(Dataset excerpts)

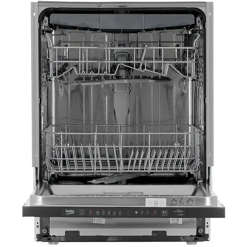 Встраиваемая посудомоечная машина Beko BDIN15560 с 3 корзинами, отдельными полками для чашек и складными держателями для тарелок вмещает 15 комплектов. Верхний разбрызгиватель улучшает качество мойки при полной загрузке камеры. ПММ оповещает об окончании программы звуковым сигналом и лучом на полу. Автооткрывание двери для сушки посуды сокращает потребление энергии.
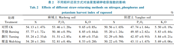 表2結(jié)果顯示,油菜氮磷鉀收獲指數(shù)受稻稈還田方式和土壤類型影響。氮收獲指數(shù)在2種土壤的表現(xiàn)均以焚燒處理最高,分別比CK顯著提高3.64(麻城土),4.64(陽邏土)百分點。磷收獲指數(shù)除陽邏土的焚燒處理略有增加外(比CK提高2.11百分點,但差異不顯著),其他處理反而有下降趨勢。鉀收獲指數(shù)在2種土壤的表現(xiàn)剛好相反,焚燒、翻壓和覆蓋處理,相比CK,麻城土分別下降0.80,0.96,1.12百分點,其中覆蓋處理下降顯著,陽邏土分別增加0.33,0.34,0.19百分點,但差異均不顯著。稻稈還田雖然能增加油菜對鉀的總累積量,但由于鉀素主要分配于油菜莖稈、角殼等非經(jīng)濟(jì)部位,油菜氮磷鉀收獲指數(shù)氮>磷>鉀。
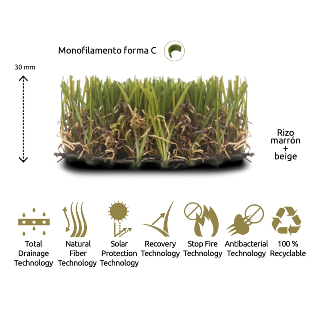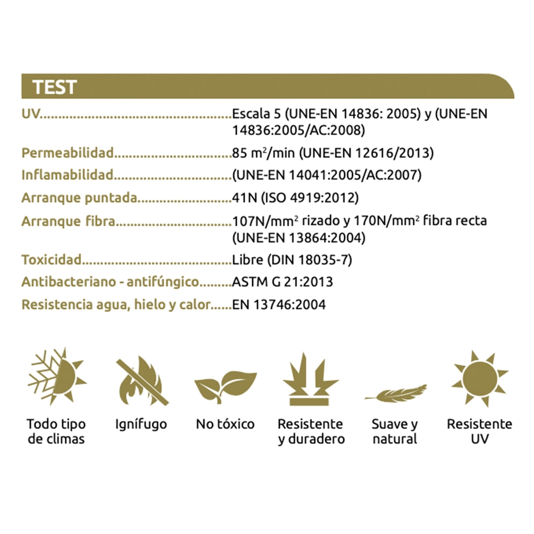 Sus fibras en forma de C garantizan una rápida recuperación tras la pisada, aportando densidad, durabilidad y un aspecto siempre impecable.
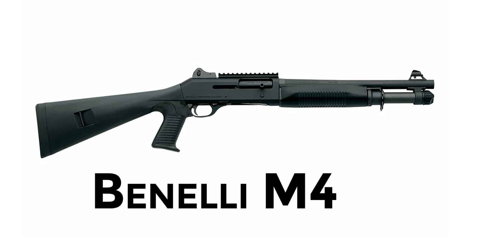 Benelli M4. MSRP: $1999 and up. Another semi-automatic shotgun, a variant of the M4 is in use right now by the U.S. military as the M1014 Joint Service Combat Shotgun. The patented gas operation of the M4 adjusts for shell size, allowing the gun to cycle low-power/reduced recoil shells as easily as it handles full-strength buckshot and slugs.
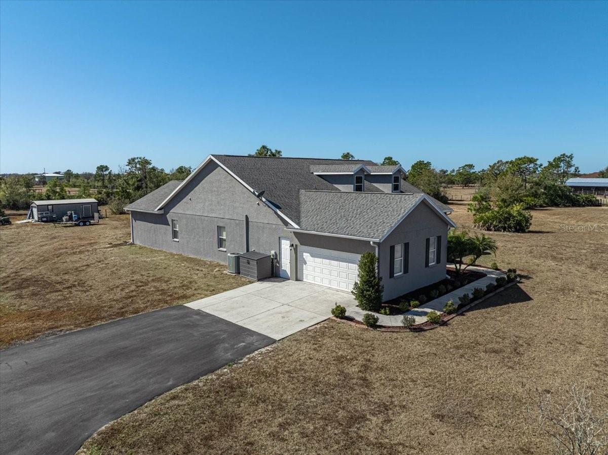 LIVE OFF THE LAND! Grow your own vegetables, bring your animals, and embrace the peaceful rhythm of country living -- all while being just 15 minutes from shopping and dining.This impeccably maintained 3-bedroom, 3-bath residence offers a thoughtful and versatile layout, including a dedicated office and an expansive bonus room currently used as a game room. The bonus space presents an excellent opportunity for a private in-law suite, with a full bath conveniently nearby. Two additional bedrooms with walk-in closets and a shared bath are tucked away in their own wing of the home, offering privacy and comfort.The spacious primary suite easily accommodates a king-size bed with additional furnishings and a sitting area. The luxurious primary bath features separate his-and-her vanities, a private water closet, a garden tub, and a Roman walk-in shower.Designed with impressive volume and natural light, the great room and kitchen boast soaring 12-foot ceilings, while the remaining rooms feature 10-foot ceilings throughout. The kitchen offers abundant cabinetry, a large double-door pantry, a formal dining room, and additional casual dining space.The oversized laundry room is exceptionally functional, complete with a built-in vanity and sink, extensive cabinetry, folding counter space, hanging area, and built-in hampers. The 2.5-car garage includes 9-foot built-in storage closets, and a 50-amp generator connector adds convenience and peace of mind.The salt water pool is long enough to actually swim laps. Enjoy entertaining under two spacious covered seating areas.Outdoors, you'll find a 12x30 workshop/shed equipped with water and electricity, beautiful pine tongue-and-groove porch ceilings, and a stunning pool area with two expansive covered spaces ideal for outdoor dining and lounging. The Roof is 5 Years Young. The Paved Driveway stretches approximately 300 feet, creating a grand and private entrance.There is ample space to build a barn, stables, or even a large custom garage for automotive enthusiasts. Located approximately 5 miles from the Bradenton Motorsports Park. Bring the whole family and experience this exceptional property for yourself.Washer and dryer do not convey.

...

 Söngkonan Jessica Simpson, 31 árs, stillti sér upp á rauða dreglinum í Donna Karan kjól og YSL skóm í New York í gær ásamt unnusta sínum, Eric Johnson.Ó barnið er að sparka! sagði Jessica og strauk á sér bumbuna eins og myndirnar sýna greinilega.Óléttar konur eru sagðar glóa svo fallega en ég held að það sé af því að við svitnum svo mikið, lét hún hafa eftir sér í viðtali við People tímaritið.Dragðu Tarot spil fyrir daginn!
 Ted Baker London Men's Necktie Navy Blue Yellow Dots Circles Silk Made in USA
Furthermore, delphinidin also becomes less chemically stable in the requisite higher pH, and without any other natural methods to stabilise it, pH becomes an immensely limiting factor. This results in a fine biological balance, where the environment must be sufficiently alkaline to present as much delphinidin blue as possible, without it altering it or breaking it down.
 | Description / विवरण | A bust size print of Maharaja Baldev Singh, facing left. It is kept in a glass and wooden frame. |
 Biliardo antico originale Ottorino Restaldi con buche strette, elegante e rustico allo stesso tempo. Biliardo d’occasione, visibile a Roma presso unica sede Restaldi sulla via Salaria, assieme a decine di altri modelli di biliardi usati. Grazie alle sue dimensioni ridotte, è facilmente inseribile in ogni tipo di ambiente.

● Aim of the task
Your answer should be the exact lines above from the one containing "表2結(jié)果顯示,油菜" through the one containing "Sus fibras en", with both end lines kept and the pictures removed, please.

● Response to the task
 表2結(jié)果顯示,油菜氮磷鉀收獲指數(shù)受稻稈還田方式和土壤類型影響。氮收獲指數(shù)在2種土壤的表現(xiàn)均以焚燒處理最高,分別比CK顯著提高3.64(麻城土),4.64(陽邏土)百分點。磷收獲指數(shù)除陽邏土的焚燒處理略有增加外(比CK提高2.11百分點,但差異不顯著),其他處理反而有下降趨勢。鉀收獲指數(shù)在2種土壤的表現(xiàn)剛好相反,焚燒、翻壓和覆蓋處理,相比CK,麻城土分別下降0.80,0.96,1.12百分點,其中覆蓋處理下降顯著,陽邏土分別增加0.33,0.34,0.19百分點,但差異均不顯著。稻稈還田雖然能增加油菜對鉀的總累積量,但由于鉀素主要分配于油菜莖稈、角殼等非經(jīng)濟(jì)部位,油菜氮磷鉀收獲指數(shù)氮>磷>鉀。
 Sus fibras en forma de C garantizan una rápida recuperación tras la pisada, aportando densidad, durabilidad y un aspecto siempre impecable.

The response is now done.